Formed in April 1997, the OPCW has over 189 member countries and 500 staff. Although it is not a UN agency, the OPCW has worked closely with the UN and western governments in a recent program to identify and destroy the Syrian government’s stock of chemical weapons after an agreement brokered by Russian premier Vladimir Putin convinced Syrian leader Bashar al-Assad to hand over his chemical weapons stockpile to international inspectors.
The OPCW beat high-profile nominees including 16-year-old Malala Yousafzai, a promoter of women’s rights and education who was shot by the Taliban in Pakistan; US intelligence leakers Edward Snowden and Chelsea Manning; and Denis Mukwege, a doctor from DR Congo.
Deputy Director of Human Rights Watch’s Asia Division, Phil Robertson, reacted to news of the award by calling on Burma to follow al-Assad in ratifying the Chemical Weapons Convention.
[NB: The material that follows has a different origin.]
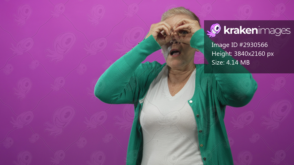 Middle aged caucasian woman making hand binoculars with hands over eyes in a purple studio wearing green cardigan and white tee; curiosity exploration. - Kraken Images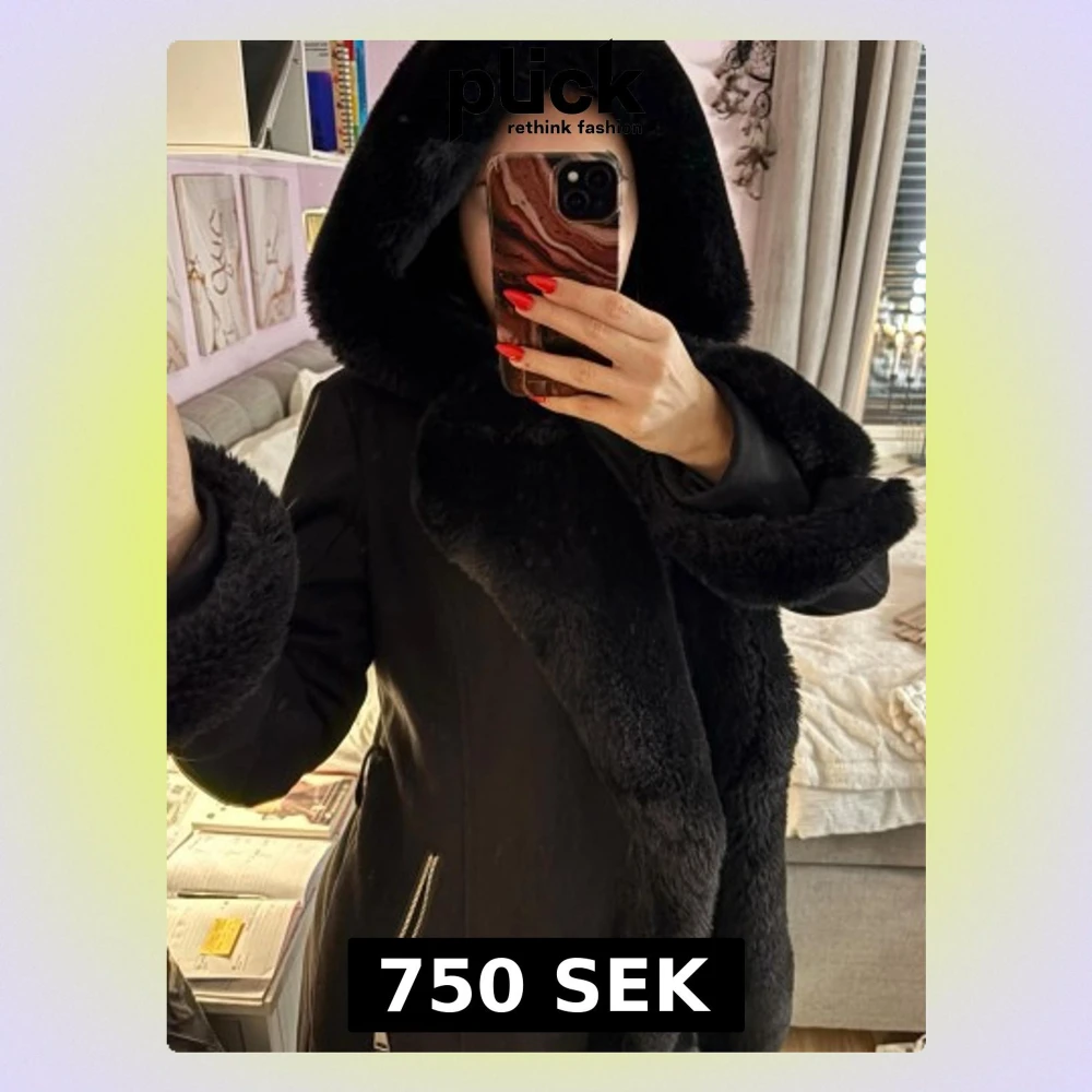 Säljer en svart pälsjacka med stor fluffig huva och breda pälsdetaljer längs krage och ärmslut. Jackan har dragkedja i sidan och är riktigt mysig och varm. Dock saknas bältet.

“Chemical weapons pose a grievous rights threat to mankind, so why is Myanmar [Burma] one of the hold-out nations in the world that has still not ratified the Chemical Weapons Convention (CWC)?” he said. “The award of the Nobel Prize to the Organization for the Prohibition of Chemical Weapons once again highlights how far Myanmar is from fulfilling international norms, despite the government’s rhetoric of reform. President Thein Sein should immediately send the CWC to the parliament for ratification, and lawmakers should act quickly to bring Myanmar into line with international action against these abhorrent weapons.”